# Canon 5D Mark III - Soft images



## GKuma (Aug 30, 2012)

Hey everyone, 

I'm new here, but have been browsing around the site for a while and it seems like the best place for me to bring up this issue.

I recently brought a 5D MarkIII back in April and was amazed by the quality of the pictures it produced! But after a recent shoot, I was disappointed once I saw how the images had turned out on the computer. They're beginning to become too soft.. I find that the object I place my focus point on is blurred but something else, somewhere else in the picture is in focus.

I took my camera to a number of different places and they've all refused to touch it as the 5D MarkIII is too new to deal with yet. One store was able to narrow the problem down to the 24-70mm Lens I was using, also brought alongside the 5D back in April, and told me I need to recalibrate it. I've handed that in and was able to get to borrow another 24-70mm as a replacement until the repairs have been done but I'm finding the same issue on this lens too. I'm starting to think the camera is the problem.

Is anyone else having the same problem? If so, is there any way I can fix this?

I will upload pictures from before and after the issue later on today..

Thank you in advance..


----------



## Ewinter (Aug 30, 2012)

Maybe it's not the.lens needs calibrating but the camera autofocus?


----------



## Louis (Aug 30, 2012)

I have the camera one of the later models and its fine, are you shooting JPG? also I noticed I want shoot lower than F18 and the image becomes softer due to Interpolation, but that's general, I will say this, what software are you using to work on your images, I had noticed when this camera came out, the images were terribly soft, but that was due to the software rendering the 5D3 images badly, Im happy with my photos and been a terrible pixel peeper, just make sure you have the latest firmware, all software packages are up too date, if it still persists, it could be a problem with earlier body's, but I'm not certain on that


Louis


----------



## spinworkxroy (Aug 30, 2012)

I think it would be best to wait for your photos to be uploaded before making any comments..if not everythign will just be assumptions


----------



## neuroanatomist (Aug 30, 2012)

GKuma said:


> They're beginning to become too soft.. I find that the object I place my focus point on is blurred but something else, somewhere else in the picture is in focus.

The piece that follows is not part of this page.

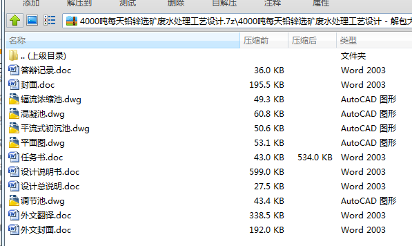 本次设计的课题是4000m3/d铅锌选矿废水处理。是属于选矿废水处理中的初步设计,主要是去除选矿废水中含有较多的金属悬浮颗粒物,相应的在选矿过程中所用到的一些浮选药剂(以去除COD或者是BOD的形式进行)。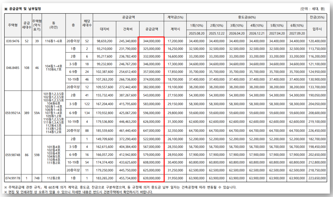 - 잔금 (35%): 204,050,000원 (입주시)

So the problem isn't soft images, it's misfocusing. I assume that you're manually selecting the AF point - if you're using automatic (61 pt) AF point selection, the camera will focus on the nearest object under an AF point - it has no way to know what _you_ think is the right subject.



GKuma said:


> One store was able to narrow the problem down to the 24-70mm Lens I was using, also brought alongside the 5D back in April, and told me I need to recalibrate it. ...I'm starting to think the camera is the problem.
> 
> If so, is there any way I can fix this?



It seems most likely that you need to do an AF Microadjustment (probably for many of your lenses, the problem is just most evident on a particular lens). The problem you describe is the classic presentation of a lens and camera being mis-matched for AF accuracy, the problem which AFMA is designed to correct. Here's a tutorial on AFMA that I wrote up, including a DIY option. Currently, I use Reikan FoCal software to do my AMFAs.


----------



## rpt (Aug 30, 2012)

My problem of soft images with the 5D3 went away after I did AFMA for my lenses.


----------



## Mt Spokane Photography (Aug 30, 2012)

Mount your camera on a tripod, use liveview and live autofocus (not quick autofocus). If the images are sharp, the issue is either the camera, the lens , or both need to be adjusted.
Since you imply that something has changed, I'd send both in for checking and adjustment. The 24-70 is well known for being easy to damage, and will need to be readjusted if the internal elements have become misaligned.


----------



## Rienzphotoz (Aug 30, 2012)

GKuma said:


> Hey everyone,
> 
> I'm new here, but have been browsing around the site for a while and it seems like the best place for me to bring up this issue.
> 
> ...


Although your post is lengthy it is very generic ... you need to mention more about the settings you were/are using, especially because you said: "They're beginning to become too soft" which to me sounds like the camera used to take sharp photos before but now it is taking soft photos. Without more info, anything that I (or anyone else) says would be mere speculation. Post your photos along with full details of the settings you were/are using.


----------



## wickidwombat (Aug 30, 2012)

definately give the afma a try turn off any in camera noise reduction and processing shoot raw and try spot focus to see how they go
my first copy was terrible even after adjusting all lenses it was still all over the place so i took it back and got a new one which is awesome and ihavent even done any afma on it yet ive even bought focal just havent got around to doing it yet.


----------



## Daniel Flather (Aug 30, 2012)

rpt said:


> My problem of soft images with the 5D3 went away after I did AFMA for my lenses.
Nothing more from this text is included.